Timeline
There are three assignments for the project. Their due dates are:
- Group choice: Nov 9, 11:59 PM
- Analysis Proposal: You can submit your proposal anytime between Nov 12 - 23, 11:59 PM (New deadline Nov 27, 11:59 PM)
- Final report: Dec 15, 11:59 PM
Group choice
You may form a team with no more than 3 members. You can choose to work with students from a different section (8AM/9AM). If you need help find a team/teammate, this Google Spreadsheet might help. Post your or your team’s information here to find additional memebers. Once all of your teammates agreed to this collaboration, you should do the following before Nov 9, 11:59 PM:
- Decide a team name (be creative) and choose one contact person from your team.
- The contact person will be responsible for all communications, submitting the proposal and the final report to the compass.
- Each member should go to this Google form and submit their information. The form collects:
- Your email address (must be Illinois email)
- Your name
- Your team name
- Team size
- Team contact person email (must be Illinois email)
- You should receive a confirmation email.
- You can only submit this form once. So check your info carefully.
Data Selection
You may use any dataset of your choice, so long as it contains a minimum of 500 observations and 50 variables (See FAQ for details). This dataset might be relevant to research outside of this course, another field, or some other interest of yours. If you have any questions about whether your data is appropriate, do not hesitate to ask. If you plan to use data from another endeavor of yours, such as a research project, be sure to gain permission from the controlling authority first.
The two most common sources of data used by students:
This is a repository for more advanced data, provided by Nature. However, most datasets here are large and will require an extensive data cleaning process.
Some other interesting datasets
- This MinneMUDAC Challenge dataset is an ongoing challenge that has a lot of rich data. You may consider defining your own research question.
Analysis Proposal
A proposal of your intended project is due between Nov 12 - Nov 23, 11:59 PM. It should be submitted online via Compass by your group contact member. The earlier you submit your proposal, the earlier you may receive the feedback and start to work on the final report.
A proposal of your intended project should include the following:
- The names and NetIDs of the students who will be contributing to the group project.
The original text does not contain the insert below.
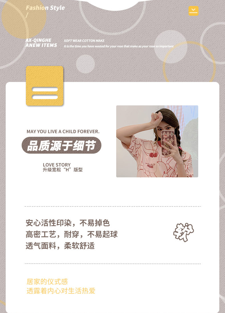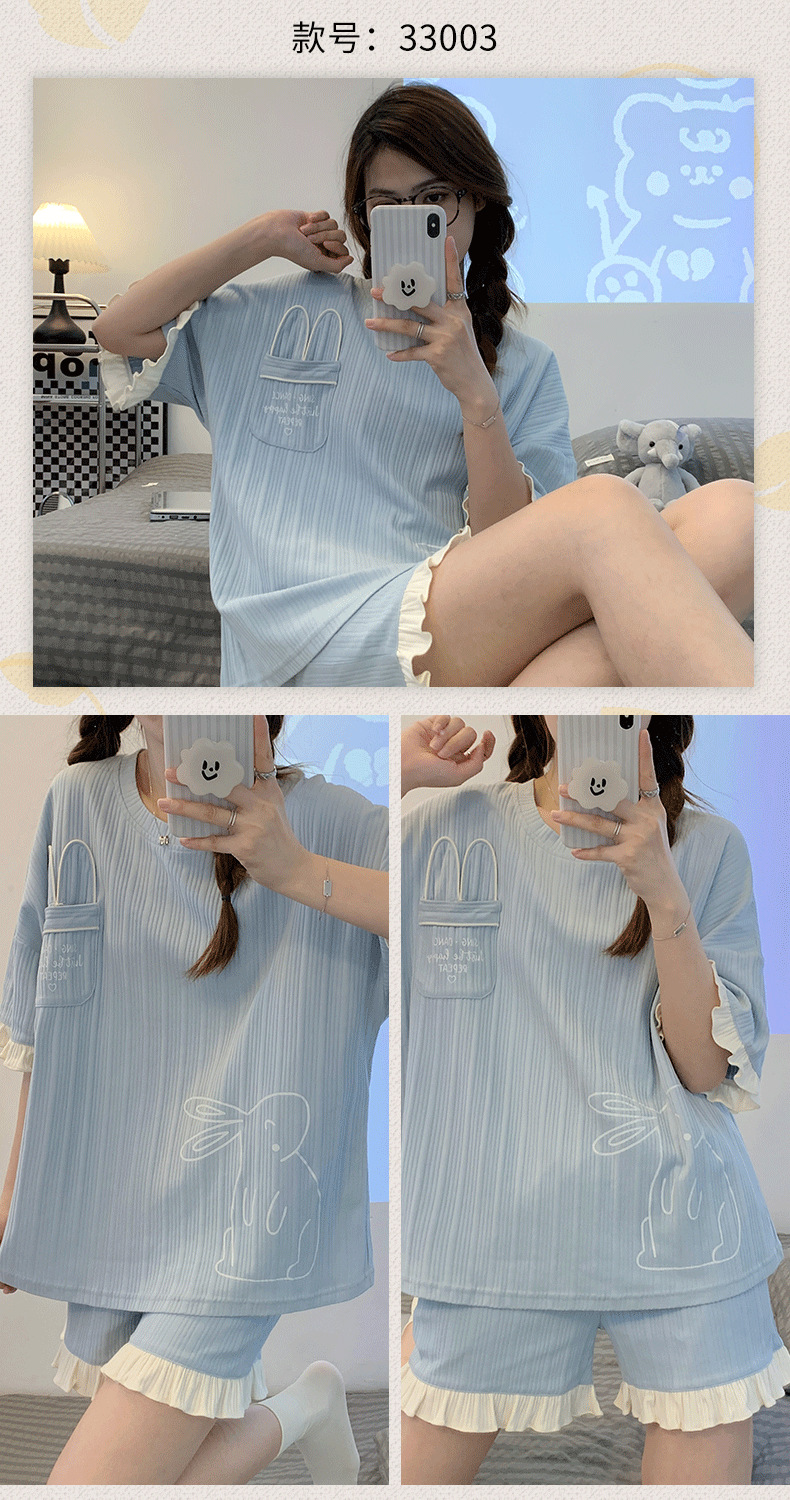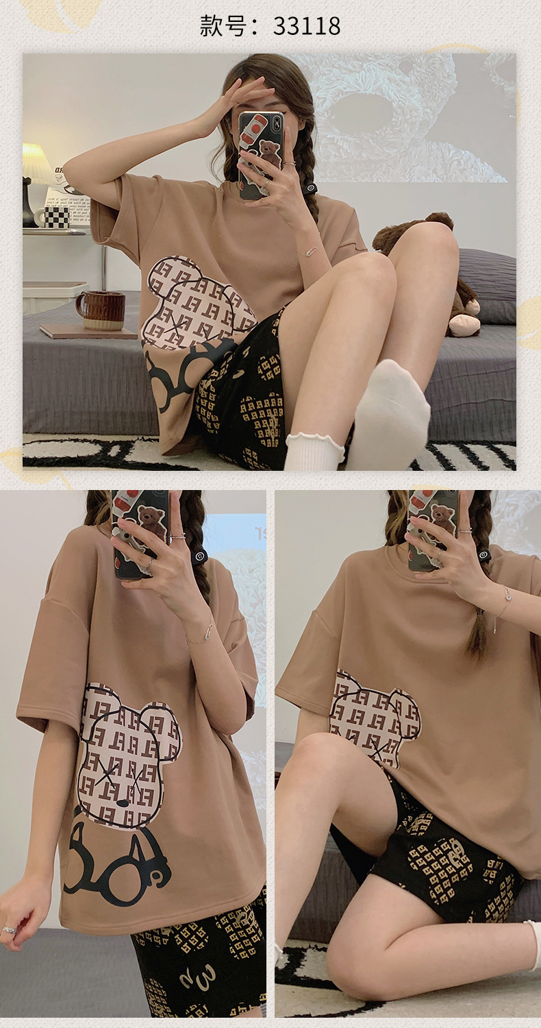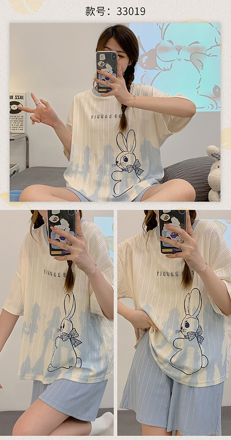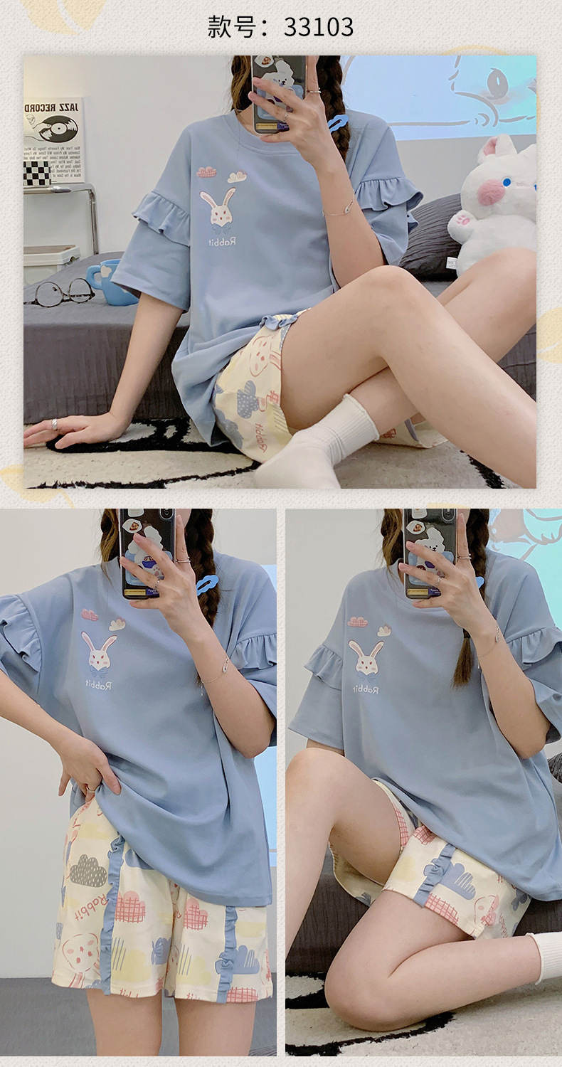 여성용 잠옷 반팔 여름 면세트 한국 스타일 학생복 달콤하고 귀여운 만화풍 루즈핏 큰 사이즈 홈웨어 시원한 느낌스토어 가기
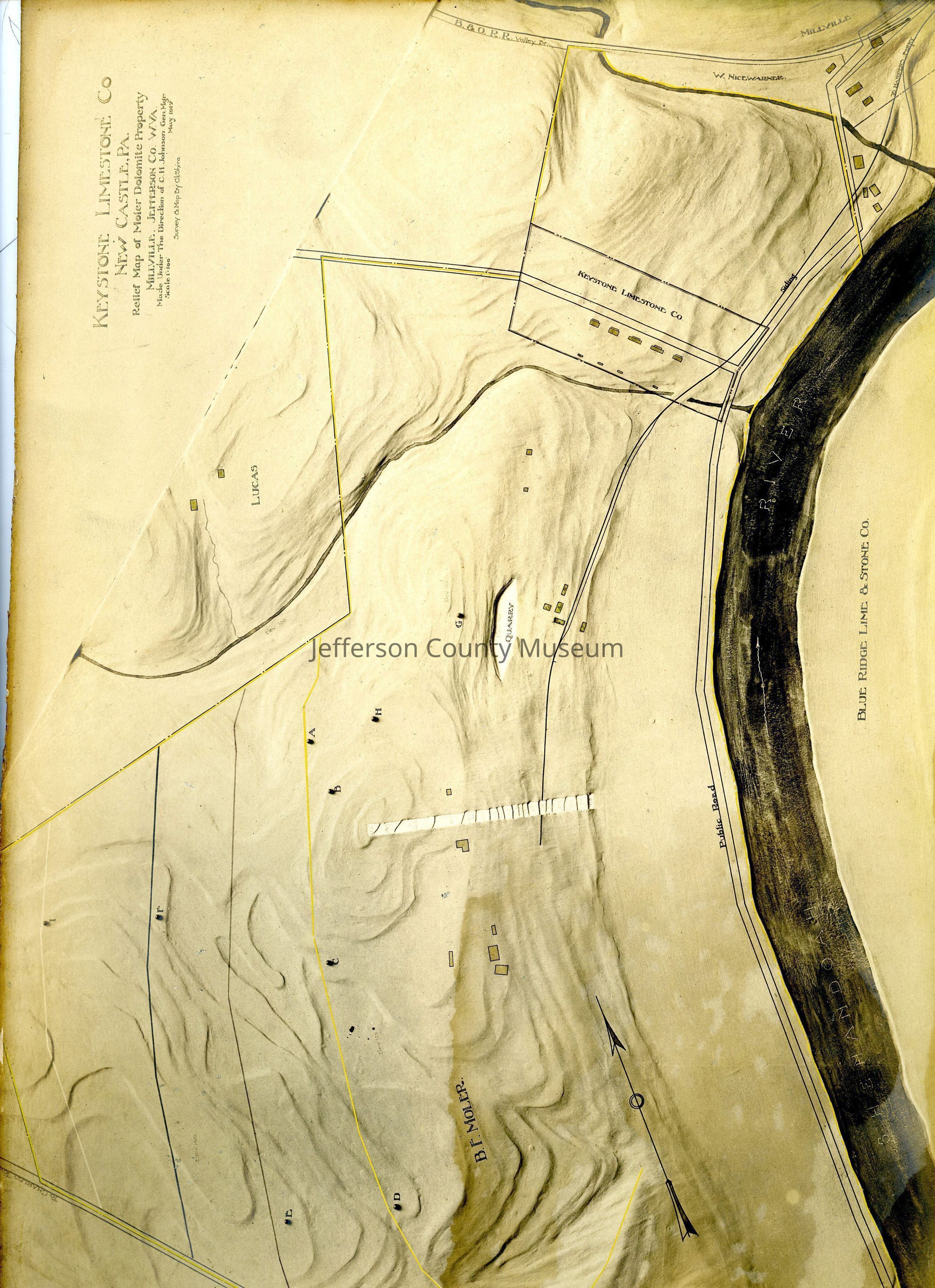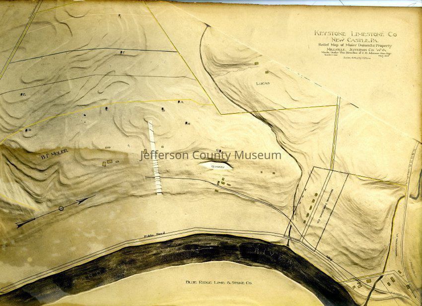 Relief map of Moler Dolomite Property, Millville, Jefferson County, West Virginia, parent company: Keystone Limestone Company, New Castle, PA

- A tentative title for the project.
- Description of the dataset. You need to list all the variables (input and outcome) and mention how they are relevant to the analysis goal.
- Load the data into R and print the first several observations of the data.
- Background information on the dataset, including specific citation of its source.
- The statistical learning task that the dataset will be used to accomplish (Regression or classification). You don’t need to actually perform the analysis, only need to lay out the plan.
- What are the challenges? For example, a plan of a straightforward linear regression is not suitable for this project because it does not pose any challenge. Possible interesting directions may include: very large dataset (> 500MB), very heavy computational burden, extensive data visualization, data integration of multiple sources, scientific discoveries, a complicated model that is not covered in this course, etc. There is no limitation of what you can do.
After review of the proposal (within several days of your submission), it will be evaluated in one of two ways:
- Approved - Your group may proceed with your plans for the data and project.
- Pending - We will provide suggestions, concerns, or needed information that must be addressed before the proposal will be approved.
- Rejected - the dataset is not appropriate or too trivial for the final project.
Final Report
The final report of your analysis is due by Saturday, December 15, 11:59 PM. It should be submitted online via Compass by your group contact member.
As a group, you will submit files as you would for homework which include a .pdf/.html and .Rmd file. If your data is less than 10MB, you should submit the data too. Otherwise, you should provide a shared link to your actual cleaned R
data (using, for example, google drive). Your report must contain the following:
- Project title
- Group Member Info
- Introduction and literature review (1 - 2 pages)
- Data source information (provide a link to your data source)
- You must have a comprehensive introduction of the data (no analysis) and the scientific goal
- You must review the literature (or relative sources) and report existing (possibly online) analyses results on this dataset
- Summary statistics and data visualization (less than 5 pages)
- You should provide a comprehensive summary of the data using tools we introduced
- Visualization is necessary for presenting the results
- Your proposed analysis (less than 10 pages)
- You should describe your approach and present your analysis results in a very comprehensive way
- Conclusion and discussion (1 - 2 pages)
- Summarize your scientific findings
- Address any potential pitfalls of your analysis, and discuss potential improvements (if you don’t have enough time to implement them)
Grading
Group Choice
Grading for the group choice is all-or-nothing based on summiting the google form before the deadline.
- Percent of final grade: 1%
Proposal
You will be graded on formatting, motivation, appropriateness of data, etc.
- Percent of final grade: 4%
Final Report
- Percent of final grade: 25%
A breakdown of the points for the final report (with total points of 100). Please note that these are only suggestions and minimal requirements. The instructor and TAs reserve the right for interpreting the rubrics.
- (5 points) Introduction and literature review:
- Provide enough background to the reader such that they can understand your goal without seeing the data
- (20 points) Summary statistics and data visualization:
- Is your summary statistics correct and informative
- Is your visualization of the data correct and informative
- (20 points) Use of statistical learning methodology:
- Have you used the appropriate methods for your dataset?
- Have you applied them correctly?
- (20 points) Interpretation of statistical learning methodology:
- Do you arrive at the correct conclusions from the analyses you perform?
- Do you correctly interpreting the analyses results in terms of the original scientific problem
- (5 points) Conclusion and discussion:
- Objectively summarize your findings and analysis experience
- (10 points) Use of R:
- Does your code perform the desired task?
- Is your code readable?
- (10 points) Use of R markdown:
- Are you properly utilizing R markdown to have a clean report?
- Is irrelevant code/output hidden?
- Are plots, tables, etc. properly displayed
- (10 points) General Organization, Neatness, Readability:
- Is your report easy to read with clear logic
- Is it written in a manner such that a reader does not already need to be familiar with the data?
- Bonus points (1 - 10)
- This may be rewarded to project that analyzes an extremely complicated dataset.
FAQ
This section will likely be updated as we progress through the remainder of the semester.
- On the number of variables: the requirement on the number of variables can be lowered if your data is rich enough. For example, a data that contains text may have a sentence/paragraph as one variable, however, the information in this variable is very rich. In that case, a single variable like this will satisfy the criteria.